The magnetic field is always present in the PMSM, as it is produced by the permanent magnets. This is different from an induction motor, in which the magnetic field has to be generated by proper control. In the event of a controller failure, i.e., due to a power line failure, brown out or even unplugging of the power cord, or a loss of the gate driver auxiliary power supply, the PMSM can exhibit two potentially dangerous conditions when operated in the field weakening region. The first is when the PMSM spins at high speed when coasting while slowing down. This condition creates a safety hazard and may result in bodily injury. The second condition is that a PMSM may generate over-voltage on the DC bus when the controller disengages from energizing the PMSM as a result of controller failure.
When in field weakening operation, the speed of the PMSM reaches very high values. During that time the counter Electromotive Force (EMF), known as Back EMF, generated by the motor when it spins freely, can be much higher than that of the rated value of the bulk capacitor. In a case of loss of control, such Back EMF can easily lead to the destruction of an inverter circuit and capacitor in addition to presenting a fire hazard.
The motor generated voltage can be particularly high when the motor is operated under a field weakening control to achieve a very high spin operation. If a failure occurs at that time, the generated voltage is very high. The voltage is proportional to the product of motor speed and flux generated by the PMSM as the rotor moves with respect to the windings.
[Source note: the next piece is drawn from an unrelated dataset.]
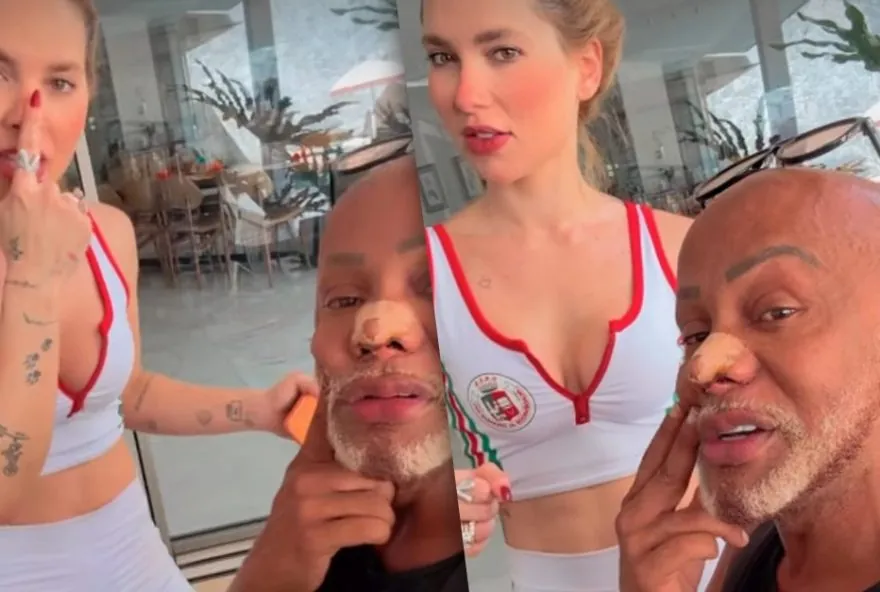 Carlinhos Salgueiro, renomado professor de samba de Virginia, esteve em Goiânia nesta quinta-feira (15) para dar aulas e treinar a influenciadora local. Durante o encontro, apareceu com um curativo no nariz, o que chamou a atenção dos fãs. Após o treino, Carlinhos revelou que a influenciadora presenteou-o com uma rinoplastia, deixando seu nariz com um aspecto mais empinado. Além da rinoplastia, ele também realizou um procedimento na boca e brincou sobre um possível aumento no bumbum e na panturrilha.
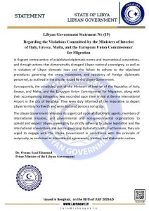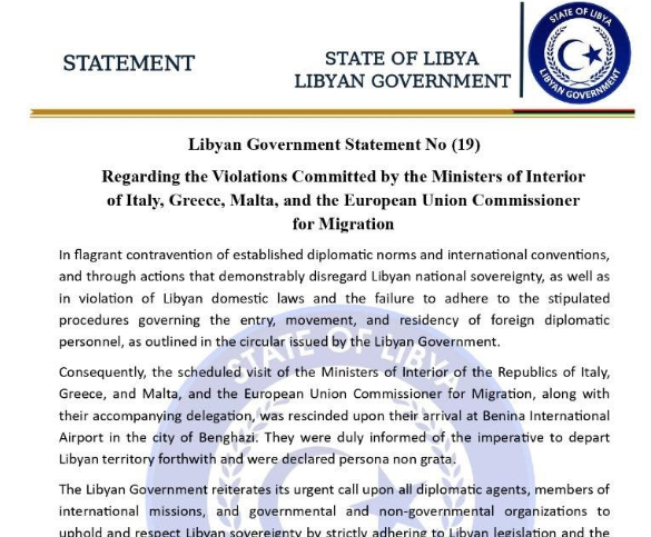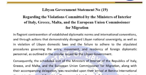 Il comunicato ufficiale porta la firma del capo del governo libico dell’est, Osama Hammad, definisce l’episodio un “chiaro superamento delle consuetudini diplomatiche e dei trattati internazionali”.

In the field weakening mode, if the controller fails and is unable to control the motor, the weakened flux changes to the full amount of flux (due to loss of flux weakening) while the motor speed may be reaching more than three or four times its nominal operating speed depending on the spin mode speed, resulting in high Back EMF.
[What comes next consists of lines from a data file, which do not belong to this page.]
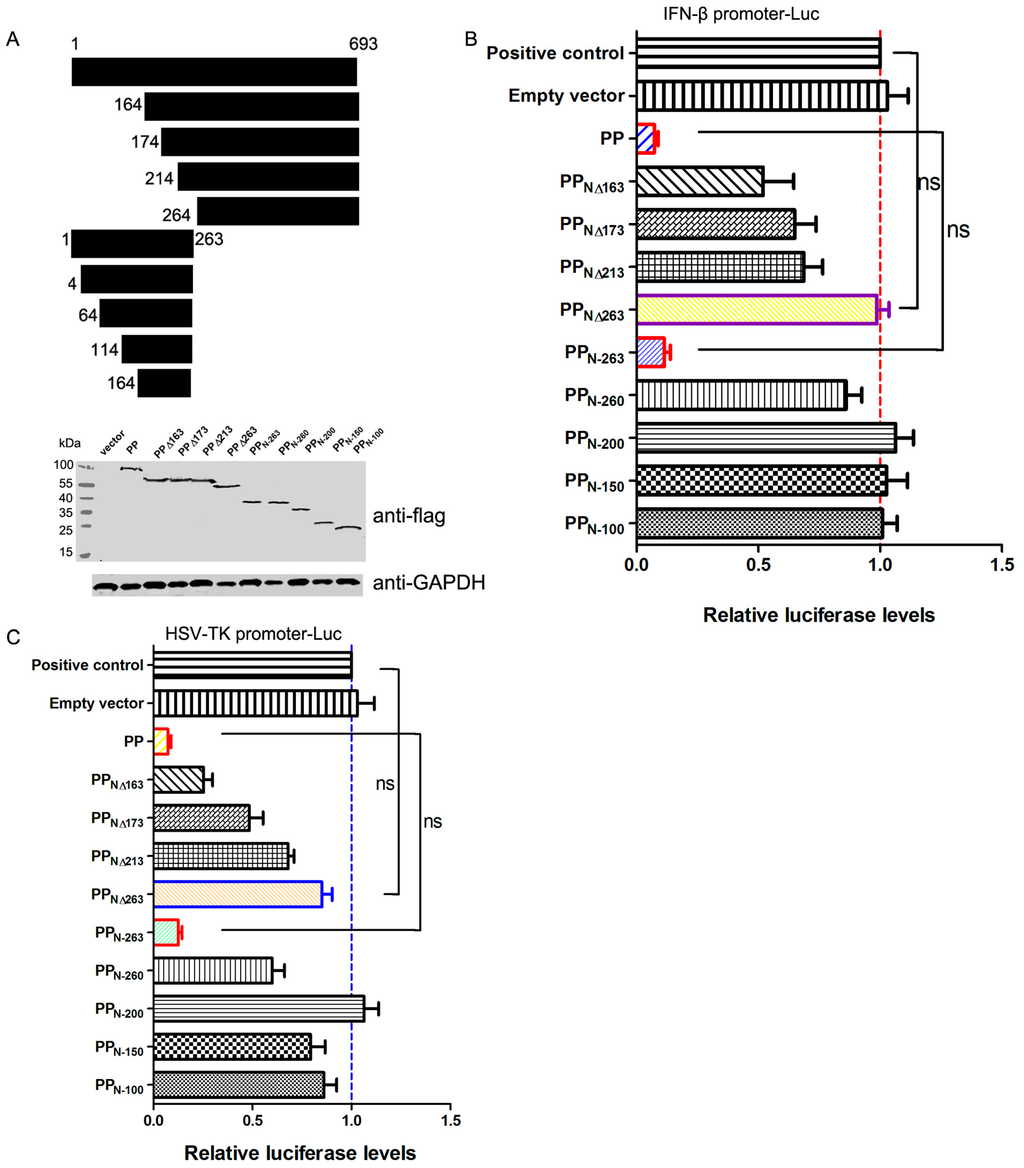 Screening the key domain of proteinase-polymerase (PP) required for the suppression of host gene expression. (A) Schematic diagram of the truncated PP constructs and the expression of each truncated mutant evaluated by Western blot using anti-Flag antibody; (B,C) CRFK cells were transfected with 0.25 μg of pFlag-PP and each truncated construct or empty vector together with 0.25 μg of the pIFN+33-Luc (B) or pHSV-TK-Luc (C) plasmids; At 24 h post-transfection, SeV (100 HA units) was inoculated into the pIFN+33-Luc transfection groups, and the luciferase assay was performed at 10 h post-inoculation. For the pHSV-TK-Luc transfection groups, the luciferase assay was performed directly at 24 h post-transfection. The positive controls were only transfected with 0.25 μg of pIFN+33-Luc (B) or pHSV-TK-Luc (C) Three independent experiments were performed and produced consistent results. The data represented the result of one experiment and were presented as means ± SD. ns, non-significant.
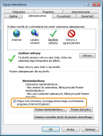 Jeśli w punkcie 7 usunięto zaznaczenie pola wyboru [Włącz tryb chroniony (wymaga ponownego uruchomienia programu Internet Explorer)], zaznacz je.
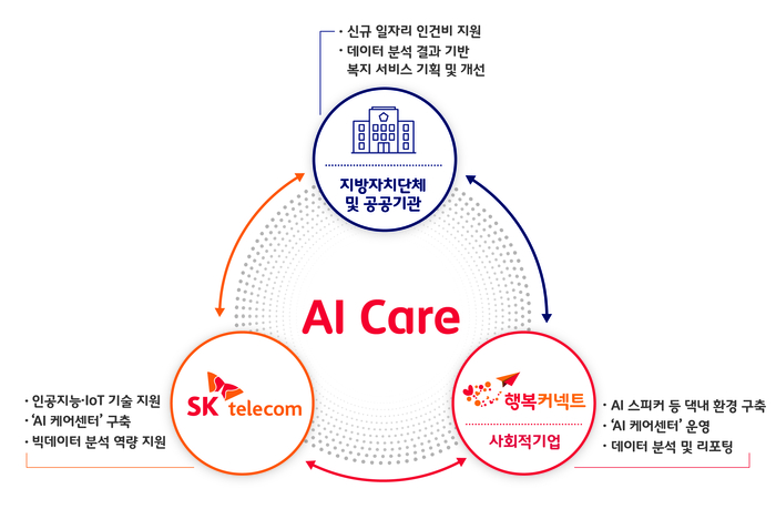 AI 스피커 기반 독거 어르신 통합 돌봄 서비스인 AI Care는 2019년4월부터 전국 110개 지자체 및 기관에서 약 2만 가구를를 대상으로 서비스를 제공 중이다. 소방청과 연계된 긴급 SOS 구조 서비스를 통해 지난달까지 총 906명 이상의 독거 어르신을 구조하는 성과를 거뒀다.
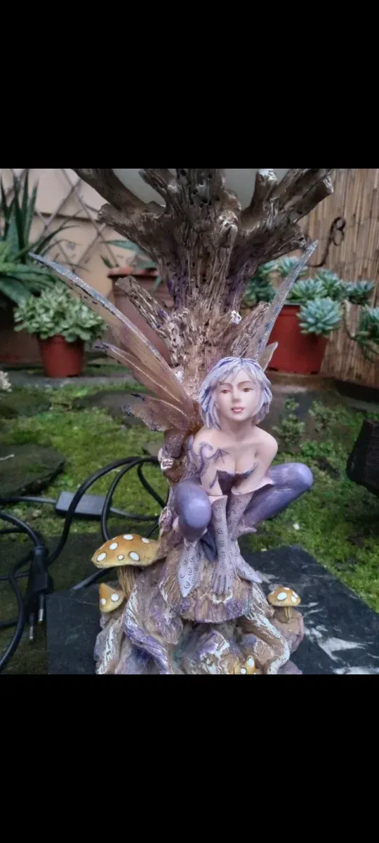 Dettagli del prodottoLampada decorativa con una fata LES alpes. La base è ispirata a un tronco d'albero con funghi.
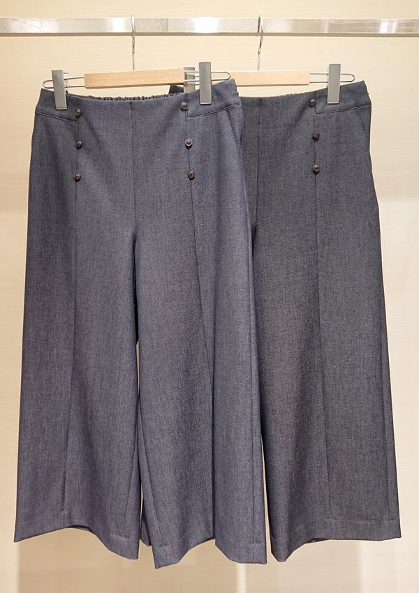 | 控え目なボタンが可愛いデニム風ガウチョパンツ。 | |||||||

If no action is taken during such a controller failure during field weakening operation, the DC bus voltage may reach approximately three to four times the nominal DC bus voltage. This will result in damage to the power devices and high voltage ICs in the system. The DC bus capacitor can also be damaged. Once damage occurs in the power system, it may no longer be possible to provide a safety door lock/braking mechanism since any circuits on the IC board will likely be damaged as well or be rendered inoperative.
Accordingly, it is desirable to manage, at the gate driver IC level, the causes for such lack of control during field weakening operation that could lead to generation of this high back EMF at high speed operation and prevent it. Thus the present invention has as an object to prevent a loss or brown out of the power line mains source or a loss of the gate driver auxiliary power supply from leading to a loss of control of the PMSM during high speed operation and to allow for rapid reduction of the motor and drum speed without generating high Back EMF that could damage the system components.